*TO DO:*
Please retype the listing exactly as it appears, skipping each picture.

*COLLECTED MATERIAL:*
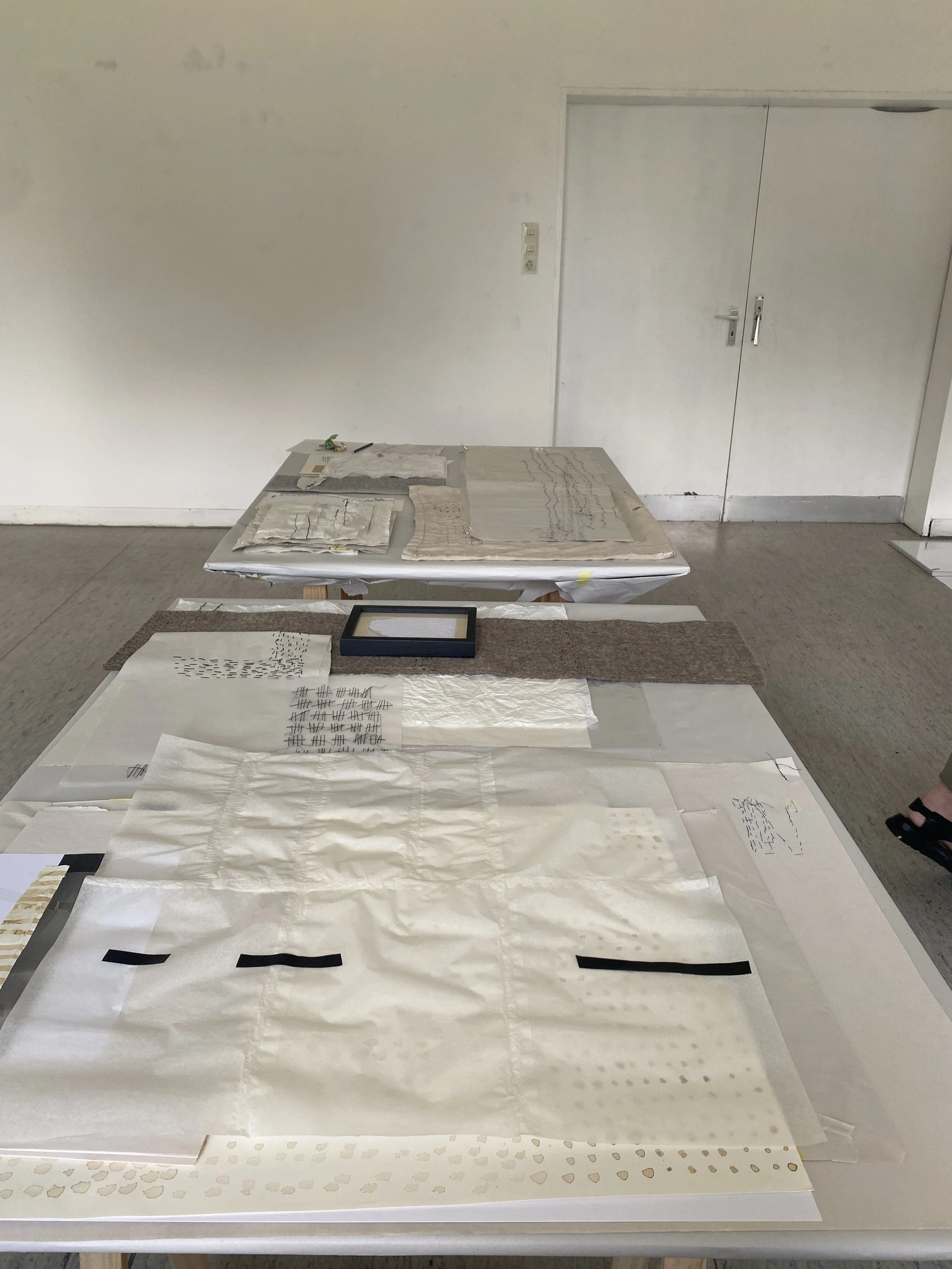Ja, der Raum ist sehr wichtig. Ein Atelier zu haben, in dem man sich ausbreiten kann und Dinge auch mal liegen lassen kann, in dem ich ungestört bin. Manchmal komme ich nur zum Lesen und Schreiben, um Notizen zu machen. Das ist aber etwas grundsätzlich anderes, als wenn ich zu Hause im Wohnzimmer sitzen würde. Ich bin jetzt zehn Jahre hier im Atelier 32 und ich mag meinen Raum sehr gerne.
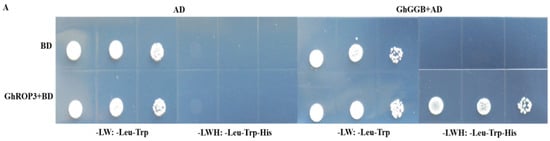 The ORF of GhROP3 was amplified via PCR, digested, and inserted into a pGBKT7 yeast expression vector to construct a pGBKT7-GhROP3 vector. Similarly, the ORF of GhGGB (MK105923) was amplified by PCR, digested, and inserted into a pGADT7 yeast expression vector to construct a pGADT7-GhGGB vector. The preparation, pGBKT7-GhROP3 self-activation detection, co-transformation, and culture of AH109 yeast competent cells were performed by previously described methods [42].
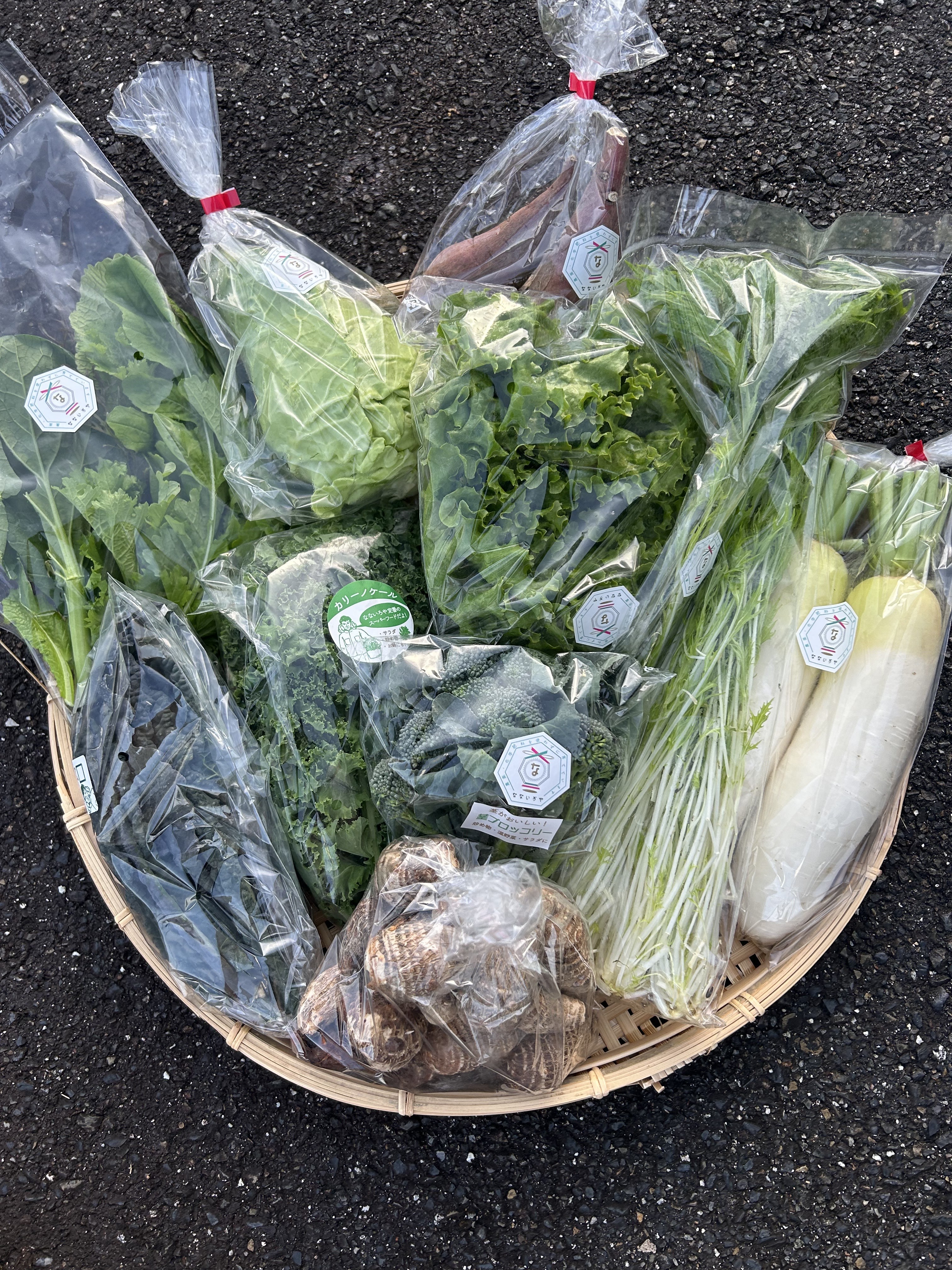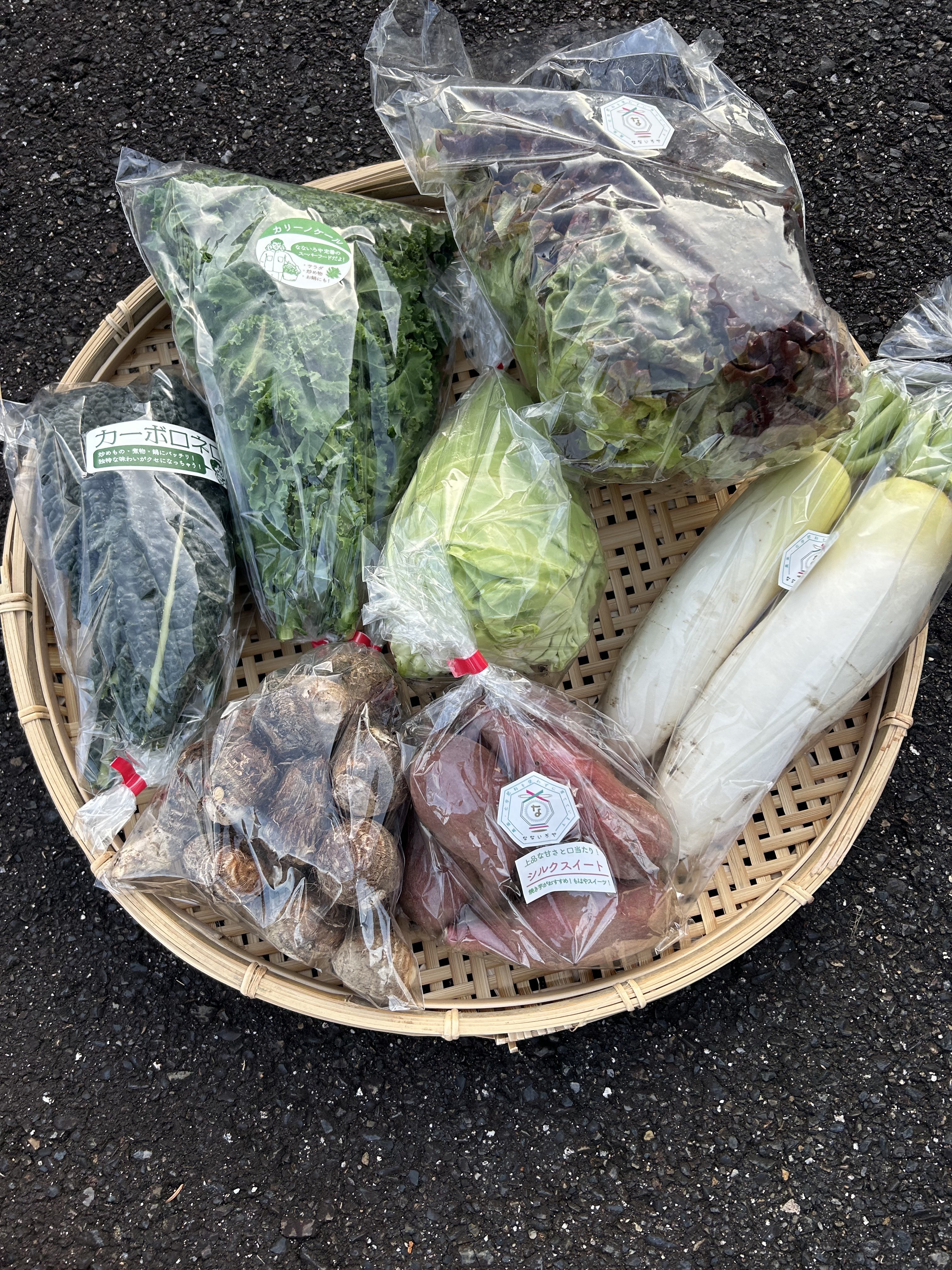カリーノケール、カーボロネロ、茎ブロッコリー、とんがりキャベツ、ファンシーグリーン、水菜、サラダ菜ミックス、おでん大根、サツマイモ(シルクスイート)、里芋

*SOLUTION TO THE EXERCISE:*
Ja, der Raum ist sehr wichtig. Ein Atelier zu haben, in dem man sich ausbreiten kann und Dinge auch mal liegen lassen kann, in dem ich ungestört bin. Manchmal komme ich nur zum Lesen und Schreiben, um Notizen zu machen. Das ist aber etwas grundsätzlich anderes, als wenn ich zu Hause im Wohnzimmer sitzen würde. Ich bin jetzt zehn Jahre hier im Atelier 32 und ich mag meinen Raum sehr gerne.
 The ORF of GhROP3 was amplified via PCR, digested, and inserted into a pGBKT7 yeast expression vector to construct a pGBKT7-GhROP3 vector. Similarly, the ORF of GhGGB (MK105923) was amplified by PCR, digested, and inserted into a pGADT7 yeast expression vector to construct a pGADT7-GhGGB vector. The preparation, pGBKT7-GhROP3 self-activation detection, co-transformation, and culture of AH109 yeast competent cells were performed by previously described methods [42].
カリーノケール、カーボロネロ、茎ブロッコリー、とんがりキャベツ、ファンシーグリーン、水菜、サラダ菜ミックス、おでん大根、サツマイモ(シルクスイート)、里芋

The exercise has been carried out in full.